BRIEF DESCRIPTION OF THE DRAWINGS
[0013] FIG. 1 is a diagram of a communication system capable of
dynamically configuring a radio transmission frame pattern,
according to an exemplary embodiment;
[0014] FIG. 2 is a flowchart of a process for dynamically
configuring a radio transmission frame pattern, according to an
exemplary embodiment;
[0015] FIGS. 3A and 3B are diagrams of radio transmission frame
structures, according to various exemplary embodiments;
[0016] FIGS. 4A-4D are diagrams of communication systems having
exemplary long-term evolution (LTE) architectures, in which the
user equipment (UE) and the base station of FIG. 1 can operate,
according to various exemplary embodiments;
[0017] FIG. 5 is a diagram of hardware that can be used to
implement an embodiment of the invention; and
[0018] FIG. 6 is a diagram of exemplary components of an LTE
terminal configured to operate in the systems of FIGS. 4A-4D,
according to an embodiment of the invention.
DESCRIPTION OF SOME EMBODIMENTS
[0019] An apparatus, method, and software for dynamically
configuring a radio transmission frame pattern are disclosed. In
the following description, for the purposes of explanation,
numerous specific details are set forth in order to provide a
thorough understanding of the embodiments of the invention. It is
apparent, however, to one skilled in the art that the embodiments
of the invention may be practiced without these specific details or
with an equivalent arrangement. In other instances, well-known
structures and devices are shown in block diagram form in order to
avoid unnecessarily obscuring the embodiments of the invention.
[0020] Although the embodiments of the invention are discussed with
respect to a wireless network compliant with the Third Generation
Partnership Project (3GPP) Long Term Evolution (LTE) architecture,
it is recognized by one of ordinary skill in the art that the
embodiments of the inventions have applicability to any type of
communication system and equivalent functional capabilities.
[0021] FIG. 1 is a diagram of a communication system capable of
dynamically configuring a radio transmission frame pattern,
according to an exemplary embodiment. As shown in FIG. 1, a
communication system 100 includes one or more user equipment (UEs)

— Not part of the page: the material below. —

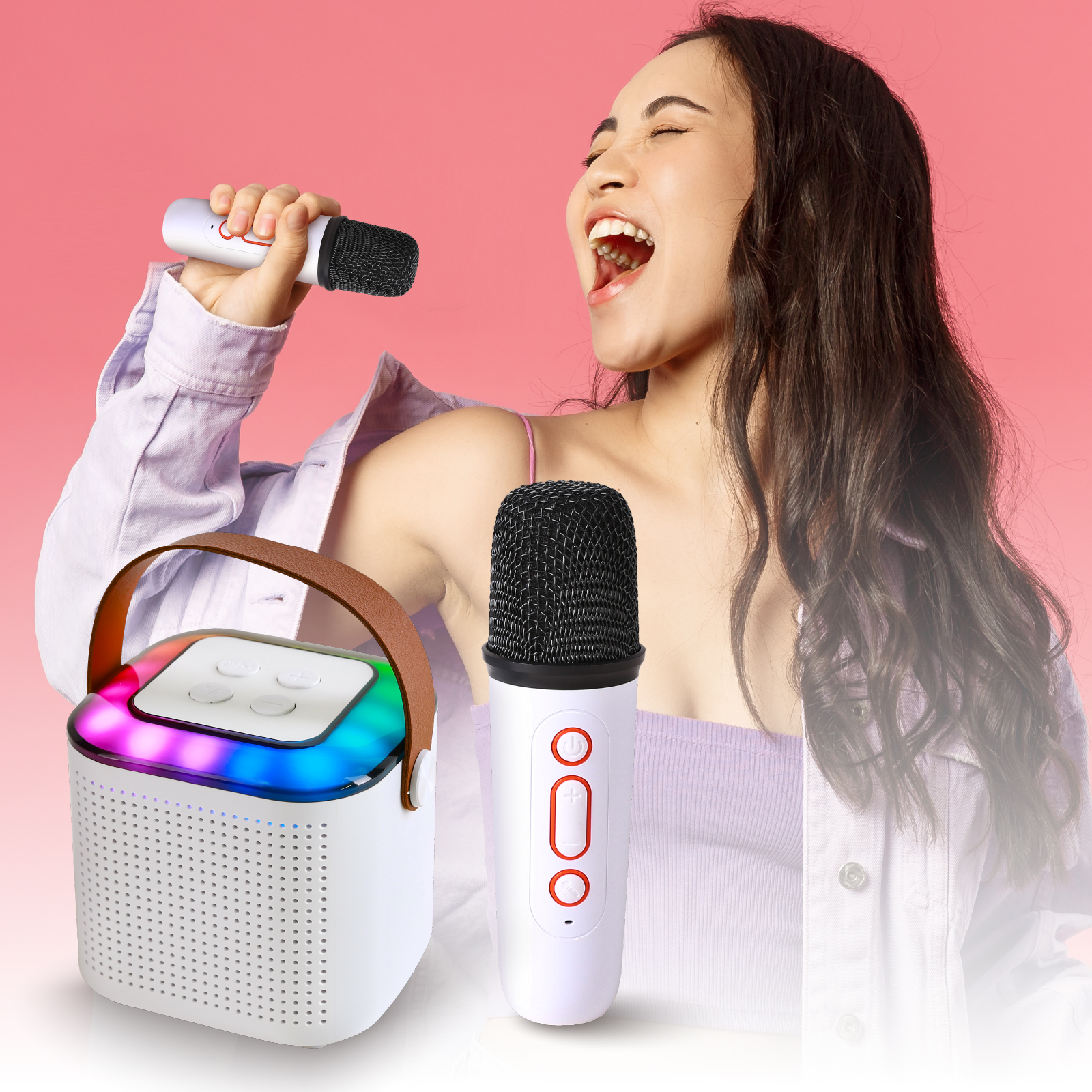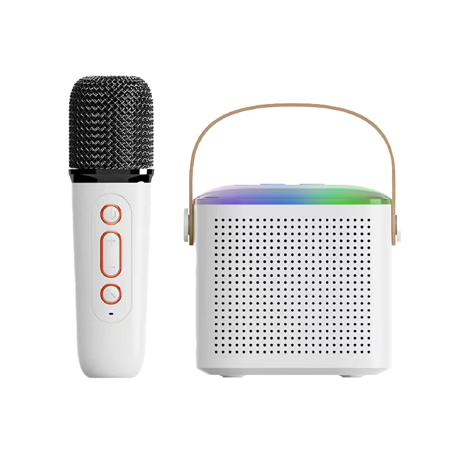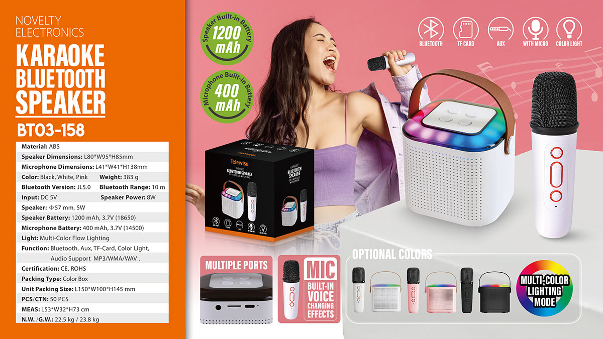 BT03-158Mini karaoke bluetooth speaker set includes portable speaker & small and exquisite microphones ( with different sound effects). Lightweight karaoke machine with internal rechargeable battery,With a leather wristband, this retro speaker is sturdy and portable to take anywhere,Perfect for family outing, karaoke party, house party, church, hotel conference room, classroom, lecture room, gymnasium, fitness center, workspace, playroom and any party venue.

101 communicating with a base station 103, which is part of an
access network (not shown) (e.g., 3GPP LTE or E-UTRAN, etc.). Under
the 3GPP LTE architecture (as shown in FIGS. 4A-4D), the base
station 103 is denoted as an enhanced Node B (eNB) 103. The UE 101
can be any type of mobile stations, such as handsets, terminals,
stations, units, devices, multimedia tablets, Internet nodes,
communicators, Personal Digital Assistants (PDAs) or any type of
interface to the user (such as "wearable" circuitry, etc.). The UE
101 includes a transceiver 105 and an antenna system 107 that
couples to the transceiver 105 to receive or transmit signals from
the base station 103. The antenna system 107 can include one or
more antennas. For the purposes of illustration, the time division
duplex (TDD) mode of 3GPP is described herein; however, it is
recognized that other modes can be supported, e.g., frequency
division duplex (FDD).
[0022] As with the UE 101, the base station 103 employs a
transceiver 109, which transmits information to the UE 101. Also,
the base station 103 can employ one or more antennas 111 for
transmitting and receiving electromagnetic signals. For instance,
the Node B 103 may utilize a Multiple Input Multiple Output (MIMO)

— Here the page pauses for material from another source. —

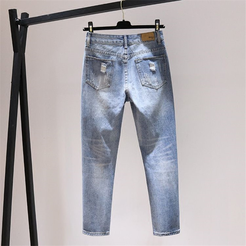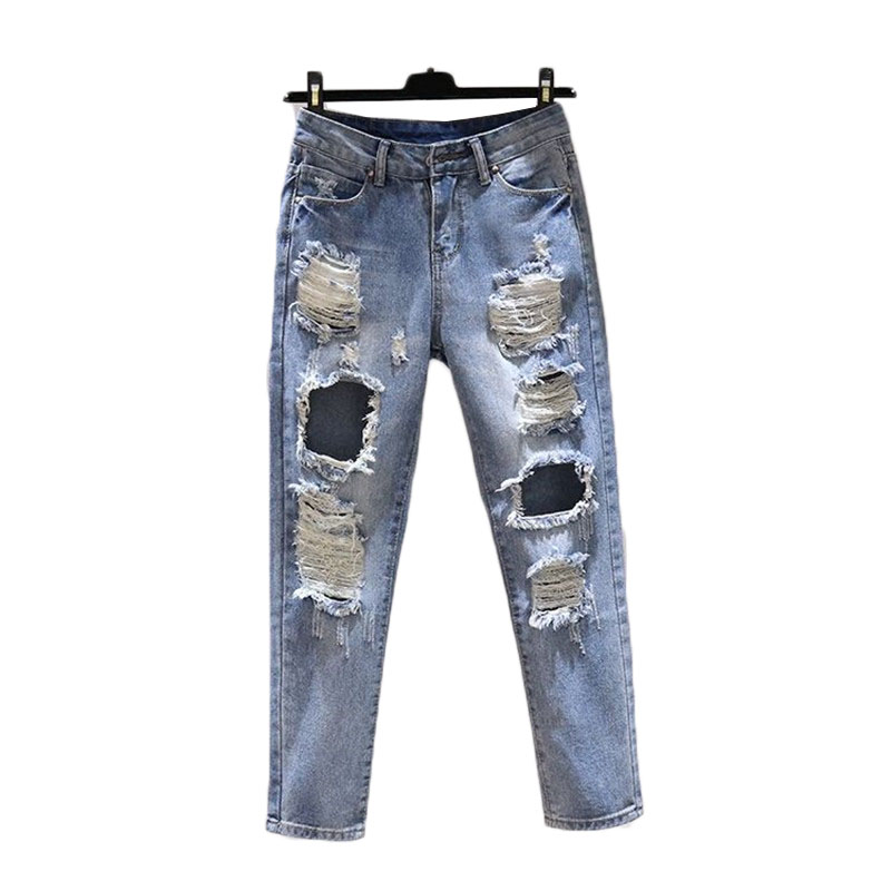 Hole JeansWomen Spring Summer Loose Bf High Waist Denim Pants Women Straight Nine Points Harem Cowboy Trousers W692

antenna system, whereby the Node B 103 can support multiple antenna
transmit and receive capabilities. This arrangement can support the
parallel transmission of independent data streams to achieve high
data rates between the UE 101 and Node B 103. The base station 103,
in an exemplary embodiment, uses OFDM (Orthogonal Frequency
Divisional Multiplexing) as a downlink (DL) transmission scheme and
a single-carrier transmission (e.g., SC-FDMA (Single
Carrier-Frequency Division Multiple Access)) with cyclic prefix for
the uplink (UL) transmission scheme.
[0023] In one embodiment, the system 100 of FIG. 1 is, for example,
a small communication cell (e.g., a home eNB 103 or a closed
subscriber group (CSG) cell) that is connected to a wide area
network through, for instance, an internet connection over the data
network 113. The cell may be deployed independently from a macro
layer. Although the system 100 of FIG. 1 is described with respect
to this small cell system, it is contemplated that the described
frame configuration approach is applicable to any wireless
communication system regardless of size.
[0024] Communications between the UE 101 and the base station 103
(and thus, the communication network (not shown) of the system 100)
is governed, in part, by the configuration of the radio
transmission frame used by the UE 101 and base station 103. By way
of example, an FDD radio transmission frame includes ten subframes
that are available for downlink transmissions and ten subframes
that are available for uplink transmissions in each 10 ms interval.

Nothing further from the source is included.